Comment 3 Michael Gugino 2018-08-09 23:09:35 UTC
I tried this on Fedora Atomic Host, 3 hosts, install succeeds as expected.

Please attach failure logs directly to this BZ.  The links above are all expired.

Also, always attach inventory and variables, as well as what playbook you are running.

Comment 4 Weihua Meng 2018-08-10 02:30:29 UTC
That is good news.
If install succeeded after two weeks, It is likely be fixed during this period.

(In reply to Michael Gugino from comment #3)
> I tried this on Fedora Atomic Host, 3 hosts, install succeeds as expected.

which playbook used? 
is it the one I report the bug two weeks ago?
If not the playbook I used when the bug reported, then likely changes during those two weeks fixed it. 

> 
> Please attach failure logs directly to this BZ.  The links above are all
> expired.

They are gone for more than two weeks passed.
I did not realize the logs were needed for such long time, sorry about that.

> 
> Also, always attach inventory and variables, as well as what playbook you
> are running.

Comment 5 Michael Gugino 2018-08-10 13:27:55 UTC
@wmeng

I need install logs, inventory, and need to know what/how you ran ansible-playbook.

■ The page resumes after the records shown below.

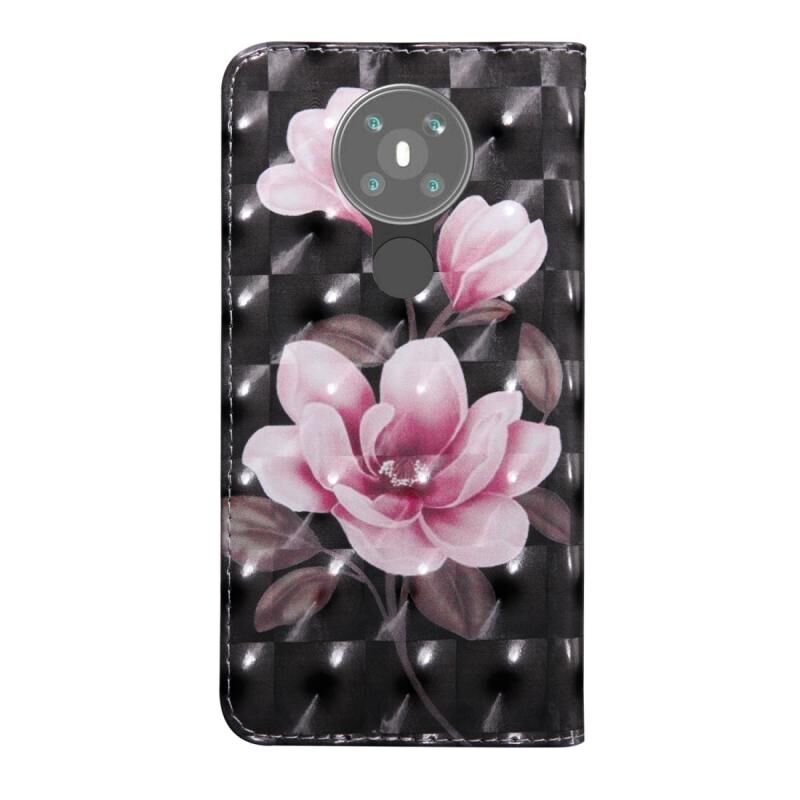 Θήκη για Nokia 5.3 με τρισδιάστατο σχέδιο ζωγραφικής, πολύχρωμη, οριζόντια αναδίπλωση, από δερματίνη PU με βάση & υποδοχές καρτών & πορτοφόλι & κορδόνι (Μαύρο Δαντέλα)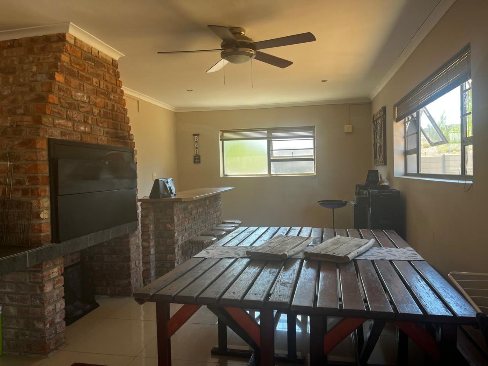 For those who love to host, the dedicated entertainment room features a built-in braai, making it the ideal setting for social gatherings regardless of the weather.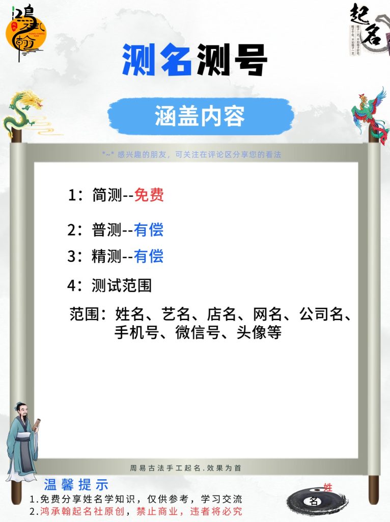 包含:简单测现名、改过的个人名字及艺名;店铺、工作室、公司名、手机号、电话号码、微信头像、车牌号码、八字婚配等,保证专业,不走弯路。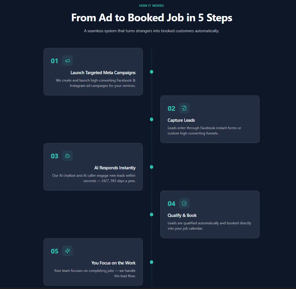 We build, launch, and manage your entire lead generation and conversion system — so you can focus on completing jobs, not chasing leads.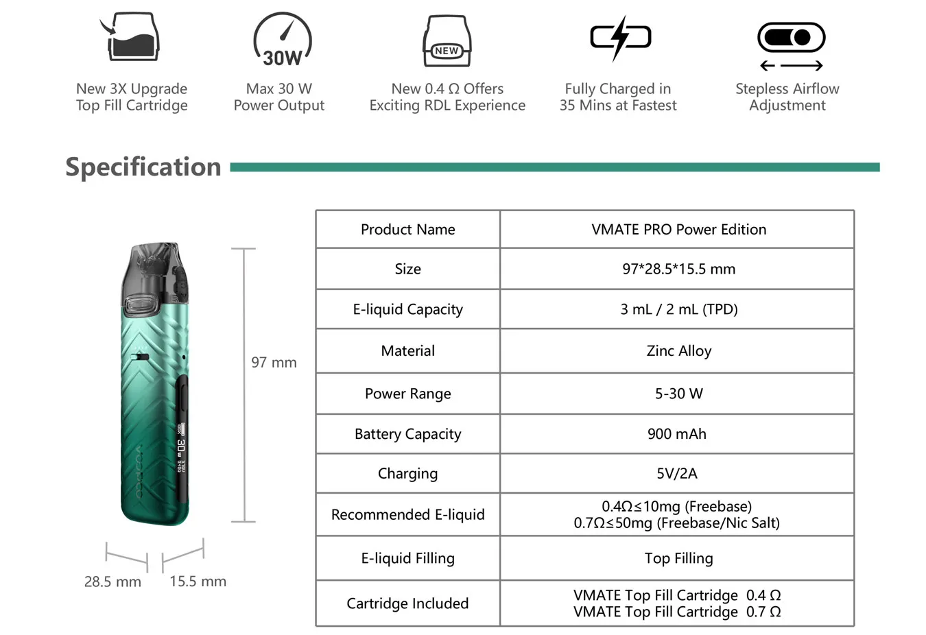 Voopoo VMATE PRO Power Editionは、VMATE PROのアップグレード版キットです。新しいVMATE Top Fill Cartridge 3倍のアップグレード、最大30Wの出力を持つ内蔵900mAhバッテリー、2Aの高速充電で、純粋な味わいの旅を強化します。VMATE Top Fill Cartridge 0.4ohmと組み合わせて、RDL体験を楽しむことができます(0.4ohmポッドはVMATE PRO Power EditionとVMATE MAXのみと互換性があります)。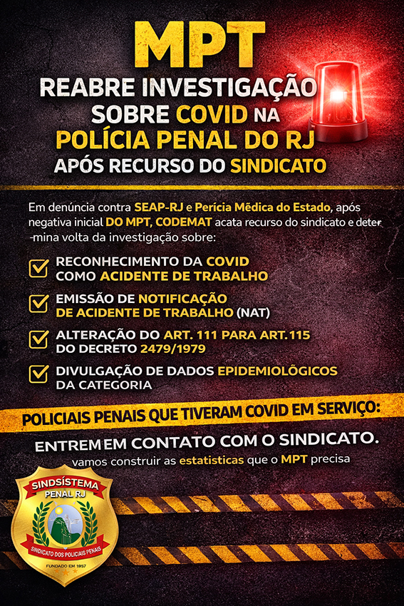 As informações coletadas servirão para subsidiar estatisticamente a investigação do MPT, contribuindo para demonstrar o impacto da pandemia sobre os trabalhadores do sistema prisional. Para o Sindicato, a reabertura do procedimento representa um passo importante na defesa da saúde ocupacional dos policiais penais.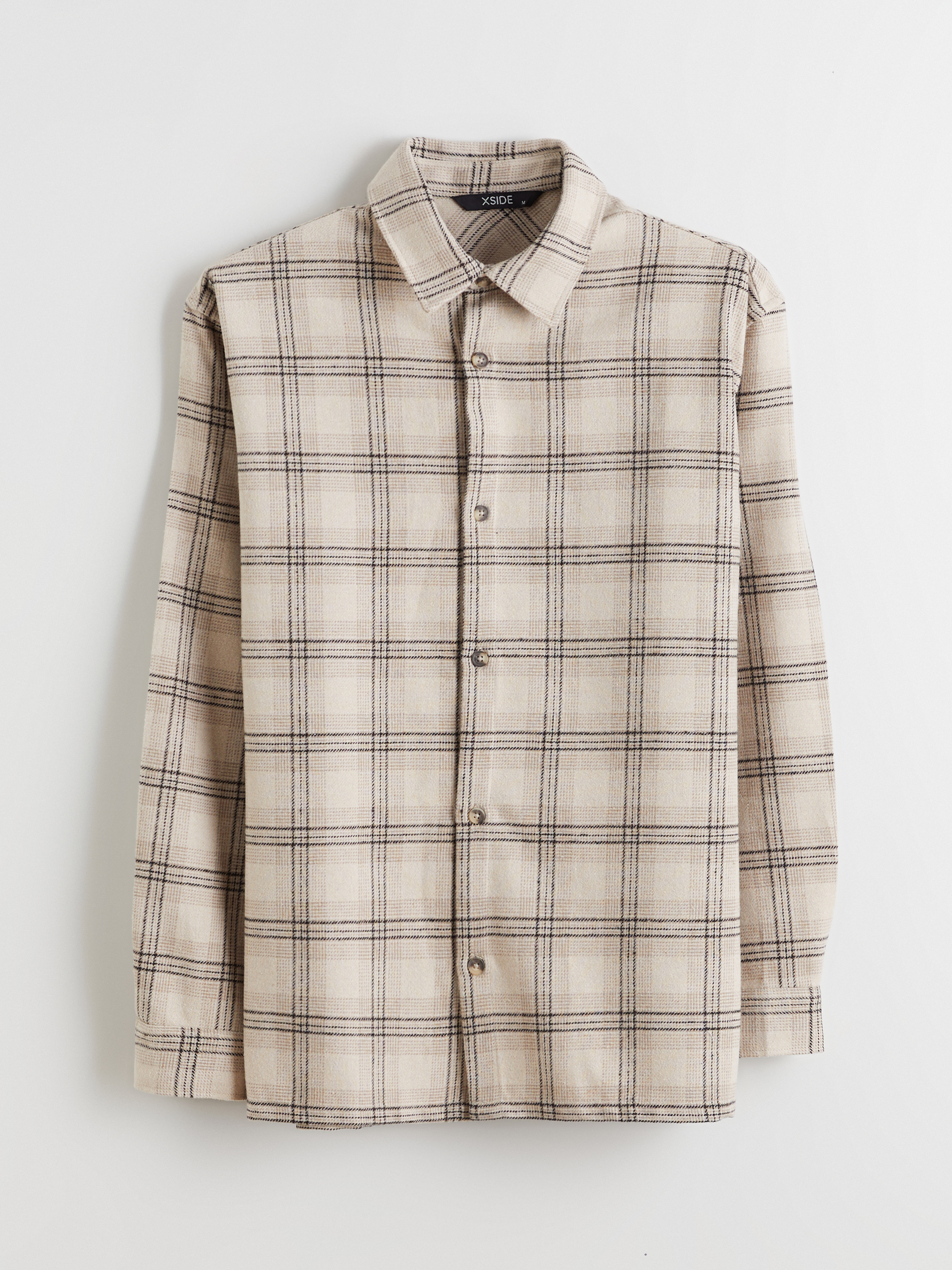 Rahat Kalıp Uzun Kollu Ekose Erkek Oduncu Gömlek BEJ EKOSELİ

Please retry whatever was done to discover this problem and provide this information so I can try to figure out what the problem is.

Comment 7 Weihua Meng 2018-08-12 02:02:05 UTC
remove testblocker, as more than two weeks passed, not meet the issue with latest build 3.11.0-0.13.0

OCP v3.11.0-0.9.0 can reproduce this bug.

Comment 8 Michael Gugino 2018-08-13 15:39:49 UTC
I don't see any immediate reason why this would have failed in v3.11.0-0.9.0.  The output of the csr module appears to indicate that all the csrs are approved, the problem is timeout with no additional info.

Results:

   "results":[
      {
         "cmd":"/usr/local/bin/oc adm certificate approve csr-6p2xq",
         "results":{ },
         "returncode":0
      },
      {
         "cmd":"/usr/local/bin/oc adm certificate approve csr-75qvw",
         "results":{ },
         "returncode":0
      },
      {
         "cmd":"/usr/local/bin/oc adm certificate approve csr-n6hk8",
         "results":{ },
         "returncode":0
      },
      {
         "cmd":"/usr/local/bin/oc adm certificate approve node-csr-4nCWplUj64E5xCyQ8-mVxTTDExShGyZ0Z6synaGCwZI",
         "results":{ },
         "returncode":0
      },
      {
         "cmd":"/usr/local/bin/oc adm certificate approve node-csr-aE-RL4RCYc5kqZaVP64iPdcDE8Kpt8xCGbF4Kr8w3mM",
         "results":{ },
         "returncode":0
      },
      {
         "cmd":"/usr/local/bin/oc adm certificate approve node-csr-zEm4fCqhtwG_QLnsOBibyEP6N2vFQcqQ6UnpWxFa1hE",
         "results":{ },
         "returncode":0
      }


As you can see, there are only 6 results posted; 2 for each of 3 nodes, but we should have 8 total:

TASK [Dump the bootstrap hostnames] ********************************************
Sunday 12 August 2018  09:27:44 +0800 (0:00:00.218)       0:20:19.480 ********* 
ok: [qe-wmengah31109-master-etcd-1.0812-v8n.qe.rhcloud.com] => {
    "msg": [
        "qe-wmengah31109-master-etcd-1", 
        "qe-wmengah31109-node-registry-router-1", 
        "qe-wmengah31109-node-1", 
        "qe-wmengah31109-node-2"
    ]
}

Most likely fixed by: 446e64cd3744b72fce9512ab1225e75475a3104b but it's not clear why.

Comment 9 Scott Dodson 2018-08-16 13:28:21 UTC
Can we please test with openshift-ansible-3.11.0-0.16.0 which contains the commit mentioned in the previous comment?

Comment 10 Weihua Meng 2018-08-17 06:22:15 UTC
Fixed.
openshift-ansible-3.11.0-0.16.0.git.0.e82689aNone.noarch

Installation succeeded and cluster is working well.

Comment 12 errata-xmlrpc 2018-10-11 07:22:15 UTC
Since the problem described in this bug report should be
resolved in a recent advisory, it has been closed with a
resolution of ERRATA.

For information on the advisory, and where to find the updated
files, follow the link below.

If the solution does not work for you, open a new bug report.

https://access.redhat.com/errata/RHBA-2018:2652